Activity: With the pictures excluded, reproduce all of the data exactly.

Provided data:
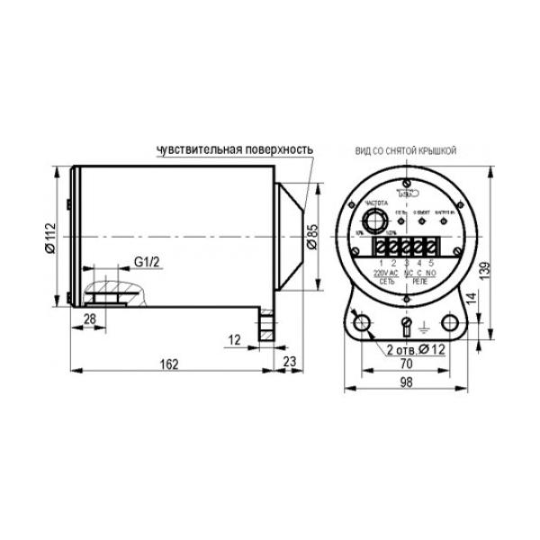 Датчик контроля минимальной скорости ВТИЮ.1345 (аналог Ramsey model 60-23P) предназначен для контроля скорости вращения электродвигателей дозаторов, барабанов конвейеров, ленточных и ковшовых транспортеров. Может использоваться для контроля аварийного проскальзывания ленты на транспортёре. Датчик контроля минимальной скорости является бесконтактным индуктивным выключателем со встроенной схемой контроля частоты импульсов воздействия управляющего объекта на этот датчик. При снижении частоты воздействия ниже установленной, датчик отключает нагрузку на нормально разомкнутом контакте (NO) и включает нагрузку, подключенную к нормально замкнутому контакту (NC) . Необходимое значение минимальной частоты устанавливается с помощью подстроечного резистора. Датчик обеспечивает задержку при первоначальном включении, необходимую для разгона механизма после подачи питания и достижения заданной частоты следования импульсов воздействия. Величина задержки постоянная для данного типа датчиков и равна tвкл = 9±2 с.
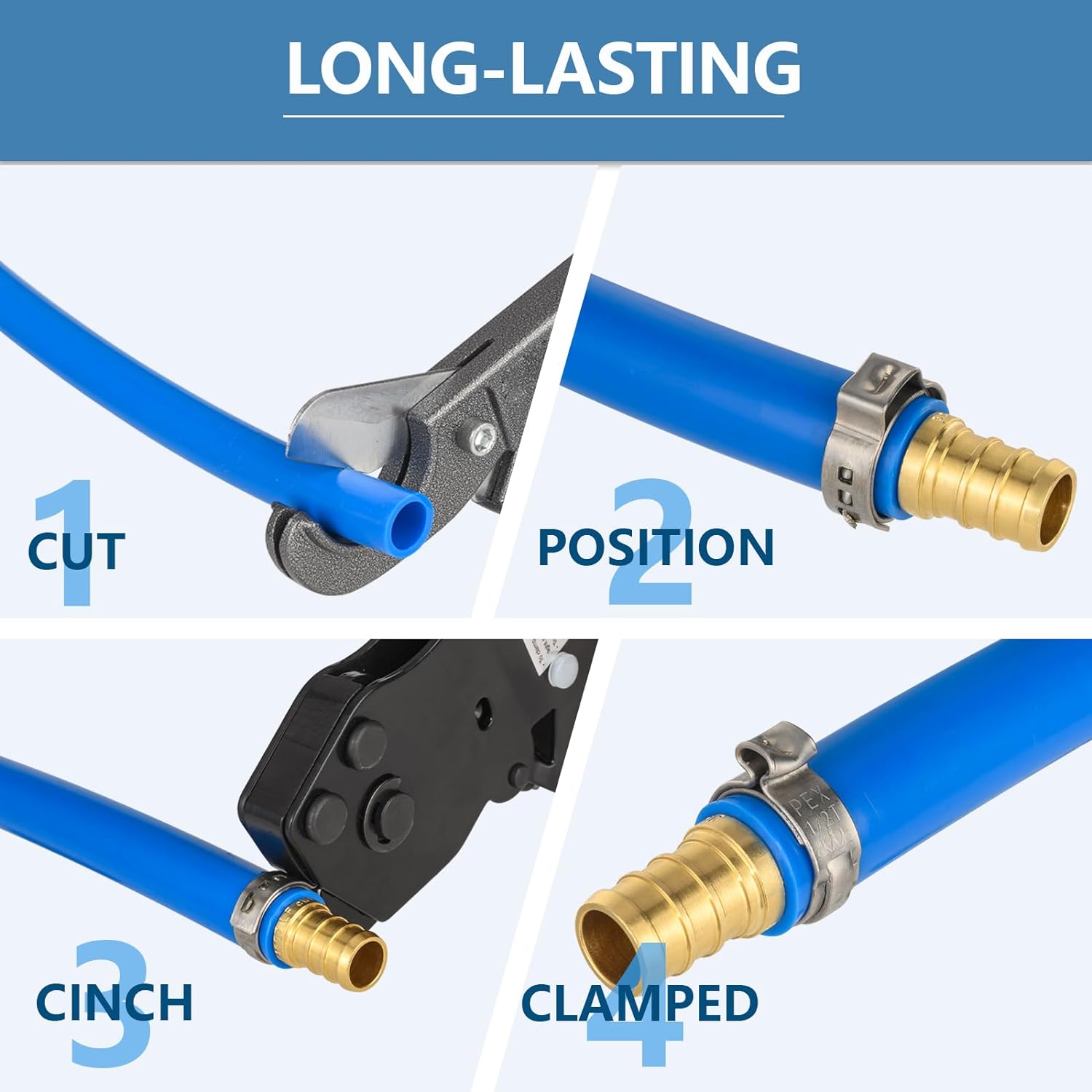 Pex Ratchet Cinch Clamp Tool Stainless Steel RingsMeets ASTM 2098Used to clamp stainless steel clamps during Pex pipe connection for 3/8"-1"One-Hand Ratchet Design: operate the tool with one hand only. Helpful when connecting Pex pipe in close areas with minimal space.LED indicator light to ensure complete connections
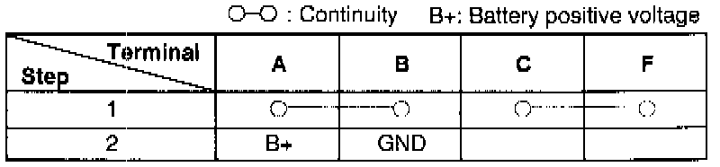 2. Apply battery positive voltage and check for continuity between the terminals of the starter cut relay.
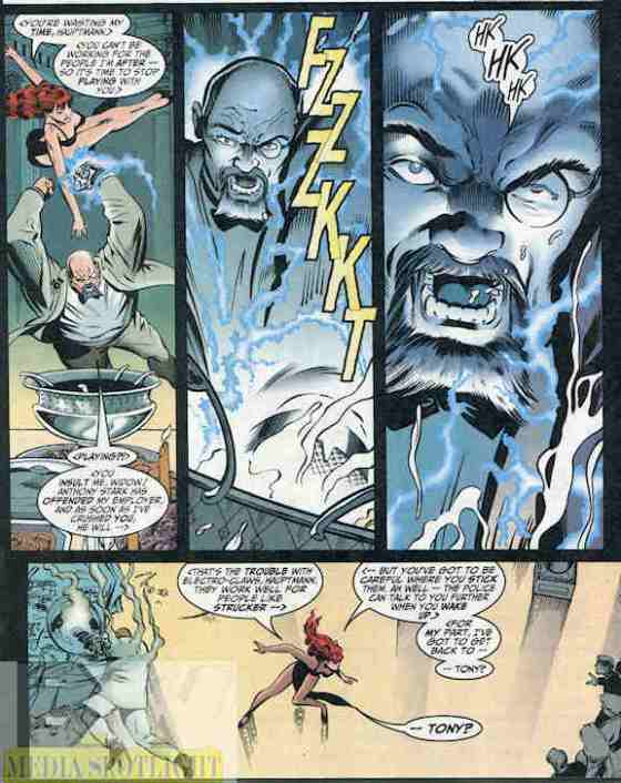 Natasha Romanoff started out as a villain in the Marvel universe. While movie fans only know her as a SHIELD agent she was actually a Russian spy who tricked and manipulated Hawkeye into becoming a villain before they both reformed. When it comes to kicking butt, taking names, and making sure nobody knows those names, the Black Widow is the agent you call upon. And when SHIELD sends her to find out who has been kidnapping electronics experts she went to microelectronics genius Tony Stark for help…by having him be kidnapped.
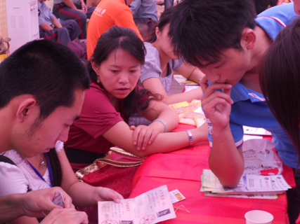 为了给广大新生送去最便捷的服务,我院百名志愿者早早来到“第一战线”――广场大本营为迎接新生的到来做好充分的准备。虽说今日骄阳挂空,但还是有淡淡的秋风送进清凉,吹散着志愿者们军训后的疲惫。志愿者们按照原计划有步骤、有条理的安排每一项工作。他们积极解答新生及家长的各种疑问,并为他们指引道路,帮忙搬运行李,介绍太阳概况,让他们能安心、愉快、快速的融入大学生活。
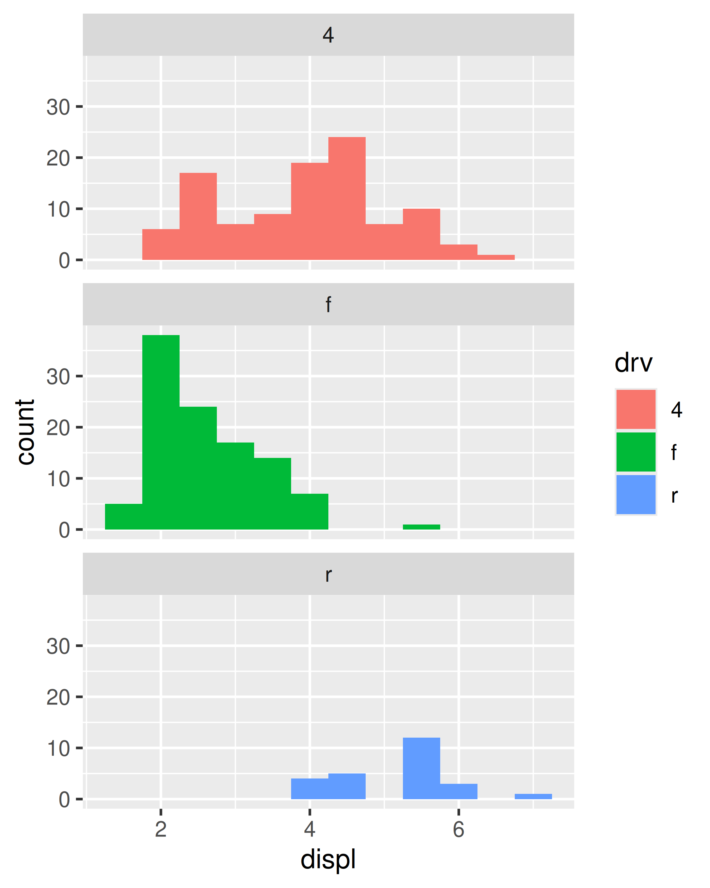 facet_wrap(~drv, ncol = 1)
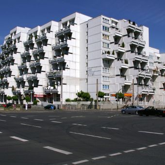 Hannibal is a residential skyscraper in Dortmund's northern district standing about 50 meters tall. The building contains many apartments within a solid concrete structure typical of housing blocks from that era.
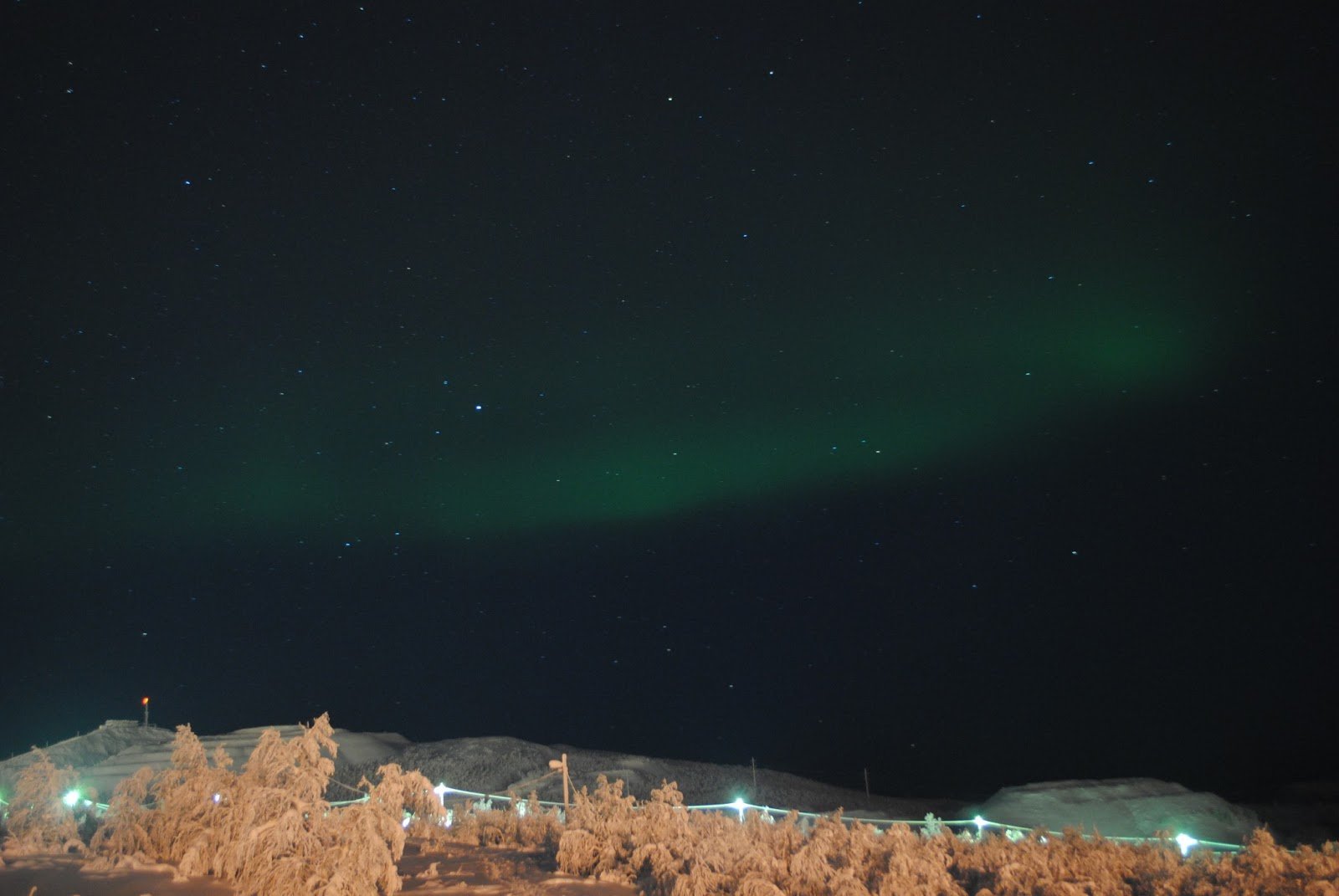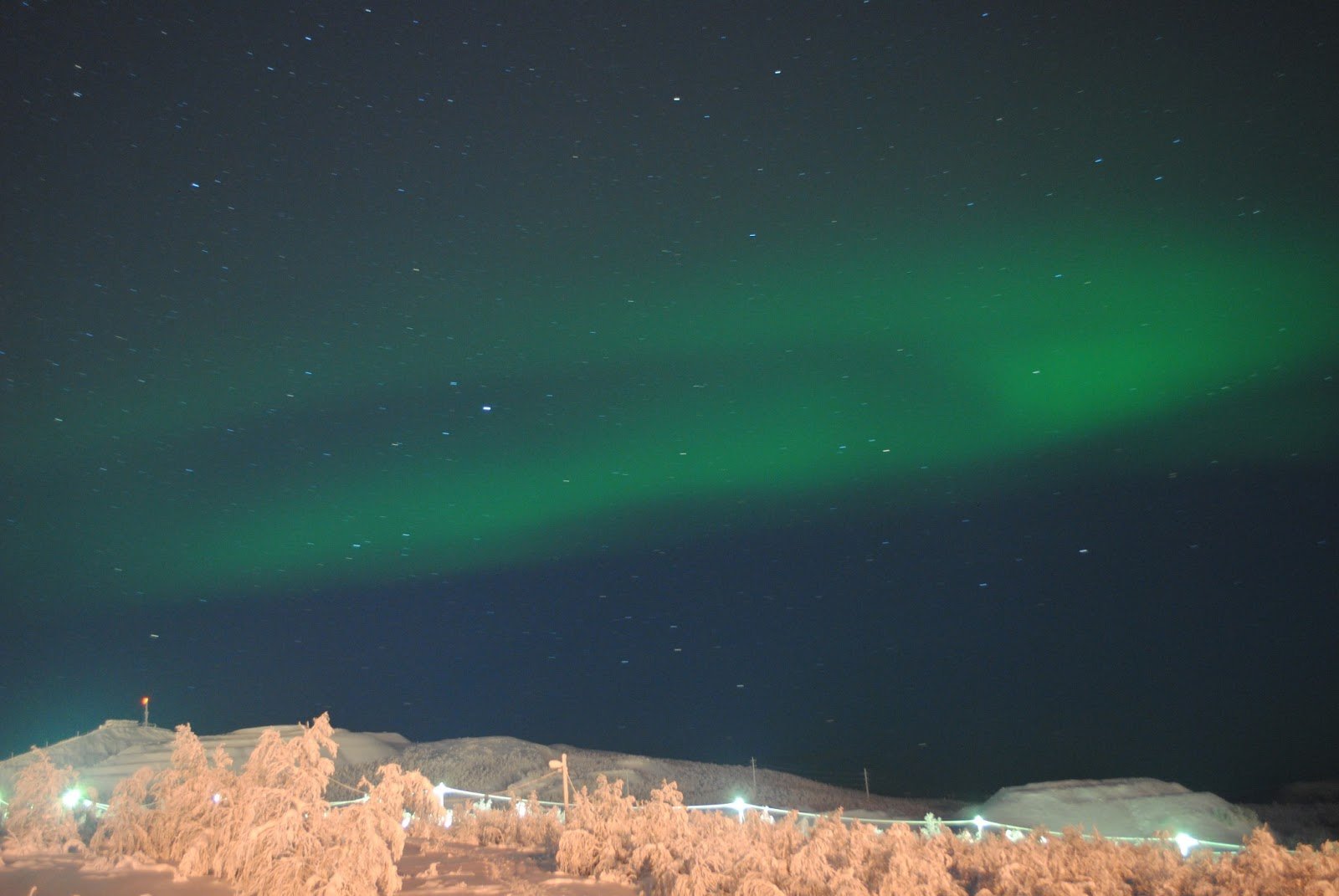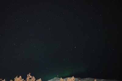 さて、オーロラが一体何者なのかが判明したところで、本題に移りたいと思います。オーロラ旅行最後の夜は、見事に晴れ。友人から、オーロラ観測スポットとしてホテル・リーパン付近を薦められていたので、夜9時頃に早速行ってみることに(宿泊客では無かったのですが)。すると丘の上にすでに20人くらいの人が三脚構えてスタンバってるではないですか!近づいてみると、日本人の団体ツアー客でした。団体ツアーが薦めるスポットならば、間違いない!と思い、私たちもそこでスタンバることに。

Response to the exercise:
 Датчик контроля минимальной скорости ВТИЮ.1345 (аналог Ramsey model 60-23P) предназначен для контроля скорости вращения электродвигателей дозаторов, барабанов конвейеров, ленточных и ковшовых транспортеров. Может использоваться для контроля аварийного проскальзывания ленты на транспортёре. Датчик контроля минимальной скорости является бесконтактным индуктивным выключателем со встроенной схемой контроля частоты импульсов воздействия управляющего объекта на этот датчик. При снижении частоты воздействия ниже установленной, датчик отключает нагрузку на нормально разомкнутом контакте (NO) и включает нагрузку, подключенную к нормально замкнутому контакту (NC) . Необходимое значение минимальной частоты устанавливается с помощью подстроечного резистора. Датчик обеспечивает задержку при первоначальном включении, необходимую для разгона механизма после подачи питания и достижения заданной частоты следования импульсов воздействия. Величина задержки постоянная для данного типа датчиков и равна tвкл = 9±2 с.
 Pex Ratchet Cinch Clamp Tool Stainless Steel RingsMeets ASTM 2098Used to clamp stainless steel clamps during Pex pipe connection for 3/8"-1"One-Hand Ratchet Design: operate the tool with one hand only. Helpful when connecting Pex pipe in close areas with minimal space.LED indicator light to ensure complete connections
 2. Apply battery positive voltage and check for continuity between the terminals of the starter cut relay.
 Natasha Romanoff started out as a villain in the Marvel universe. While movie fans only know her as a SHIELD agent she was actually a Russian spy who tricked and manipulated Hawkeye into becoming a villain before they both reformed. When it comes to kicking butt, taking names, and making sure nobody knows those names, the Black Widow is the agent you call upon. And when SHIELD sends her to find out who has been kidnapping electronics experts she went to microelectronics genius Tony Stark for help…by having him be kidnapped.
 为了给广大新生送去最便捷的服务,我院百名志愿者早早来到“第一战线”――广场大本营为迎接新生的到来做好充分的准备。虽说今日骄阳挂空,但还是有淡淡的秋风送进清凉,吹散着志愿者们军训后的疲惫。志愿者们按照原计划有步骤、有条理的安排每一项工作。他们积极解答新生及家长的各种疑问,并为他们指引道路,帮忙搬运行李,介绍太阳概况,让他们能安心、愉快、快速的融入大学生活。
 facet_wrap(~drv, ncol = 1)
 Hannibal is a residential skyscraper in Dortmund's northern district standing about 50 meters tall. The building contains many apartments within a solid concrete structure typical of housing blocks from that era.
 さて、オーロラが一体何者なのかが判明したところで、本題に移りたいと思います。オーロラ旅行最後の夜は、見事に晴れ。友人から、オーロラ観測スポットとしてホテル・リーパン付近を薦められていたので、夜9時頃に早速行ってみることに(宿泊客では無かったのですが)。すると丘の上にすでに20人くらいの人が三脚構えてスタンバってるではないですか!近づいてみると、日本人の団体ツアー客でした。団体ツアーが薦めるスポットならば、間違いない!と思い、私たちもそこでスタンバることに。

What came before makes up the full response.